Is your church producing fruit in your community in the here and now?
The foundations of church are still shifting after a decade of political turmoil, natural disasters and pandemic. We try all sorts of things to stay on the cutting edge: developing culturally relevant sermon series, hiring better graphic designers and purchasing state-of-the-art soundboards. Yet it doesn’t always seem to move the needle. We keep throwing time and money into a process that doesn’t seem to be working as well as it should.
The questions then become: How do we get people to come back to church? What would Jesus do?
Scripture shows that Jesus had a pretty radical approach to dealing with these situations.
In a shocking passage found in Mark 11, we are told:
Seeing in the distance a fig tree in leaf, [Jesus] went to find out if it had any fruit. When he reached it, he found nothing but leaves, because it was not the season for figs. Then he said to the tree, “May no one ever eat fruit from you again.” And his disciples heard him say it (Mark 11:13-14).
This is pretty raw. Jesus cursed a tree for having no fruit, even though it was not in season. It wasn’t the tree’s fault! Did Jesus really have to kill it?
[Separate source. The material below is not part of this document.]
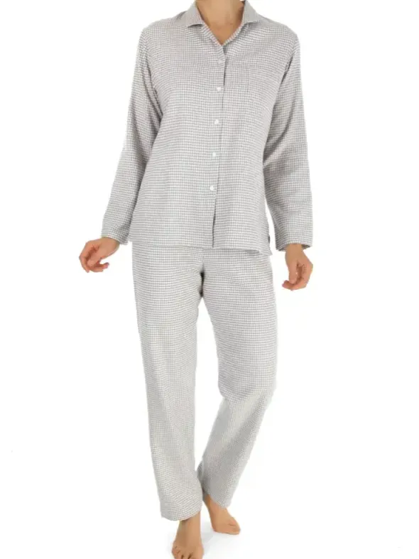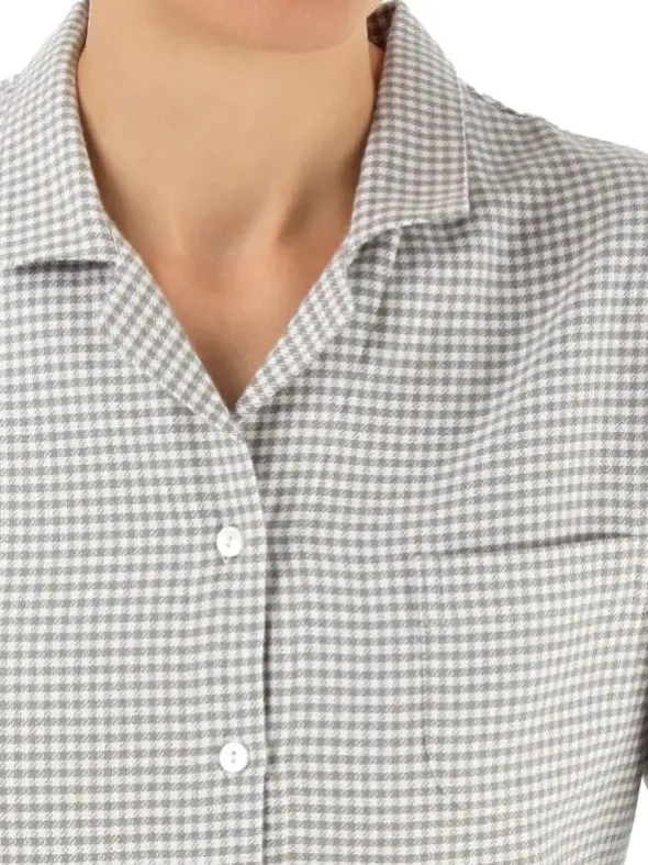 Gönnen Sie sich mit dem beliebten NOVILA Pyjama Helena einen komfortablen Nachtwäschelook für kältere Tage. Hier mit elegantem Karomuster in der Farbe taupe. Das kuschelig weiche, beidseitig geraute Flanellgewebe ist aus reiner Baumwolle in Vollzwirn-Qualität gefertigt. Das klassisch geschnittene Reversoberteil mit aufgesetzter Brusttasche wird hier zu einer geraden Hose mit Bindeband und bequemen Softbund kombiniert. Neben der perfektionierten Passform wird Sie auch die herausragende Verarbeitung begeistern.

I’ve come to understand the fig tree passage as an important (albeit confrontational) metaphor for something we all have experienced at one point or another: fruitless religious systems.
Under particular conditions, our religious efforts have led to great past successes. Lives had been changed, and hearts had been turned toward God.
We find ourselves in a different world today. Those same patterns that have worked in the past might not be working as well today. We promise our congregations, “The season isn’t here yet,” and, “Revival is just around the corner,” while encouraging folks to keep giving and to remain faithful. Instead of tuning ourselves to the hunger of our communities today, we too often rely on fantasies of a future that is not yet here in an effort to pay the mortgage and make payroll. Many churches are hanging on by a thread.
Likewise, in its glory days, the temple indeed bore great fruit. For hundreds of years, it was the epicenter of Jewish life and a place Jesus cared about deeply: a place of childhood memories and personal growth. And yet it was this very same temple’s system that Jesus was sent to replace.
The religious leaders of the temple promised a day of freedom, a day when the Messiah would come. But now Jesus was here. God was among us. And yet the leaders were still professing the same stories of old: One day, sometime in the future, this suffering will end.
During the week of His death, the fig tree (a.k.a. the temple) was not producing fruit when Jesus was hungry and needed it most. Perhaps, in Jesus’ last week, the reality that the “season for fruit was not yet here” rang truer than ever. If the fruit of our institutions is not present now, they may as well never be. Who knows if Jesus ever got to enjoy a fig again.
Scripture tells us Jesus was not satisfied with mere visions of tomorrow. He attuned himself to the needs of people in the present (see Luke 17:11-19, Mark 7:31-37, Matthew 15:32-39) without much concern for the future (see Matthew 6:34).
Jesus healed and fed His people in the here and now, not just in the life after this one. Jesus funneled His precious and limited time into caring for the children, the “unclean,” the outcast, the poor and the hurting. Jesus didn’t love His followers because of what they could become but because of exactly who they were in that moment.
We must seriously consider if Jesus would curse our “fig trees,” if He were here now. Are we producing fruit for our communities? Are we aware of our congregation’s material and spiritual hunger? Do we rely on vague ideas of a better time “after this” where their lives will be better, or do we work to satisfy their needs now? The story of the fig tree tells us that the consequence of delay is to deny ever being able to produce fruit again.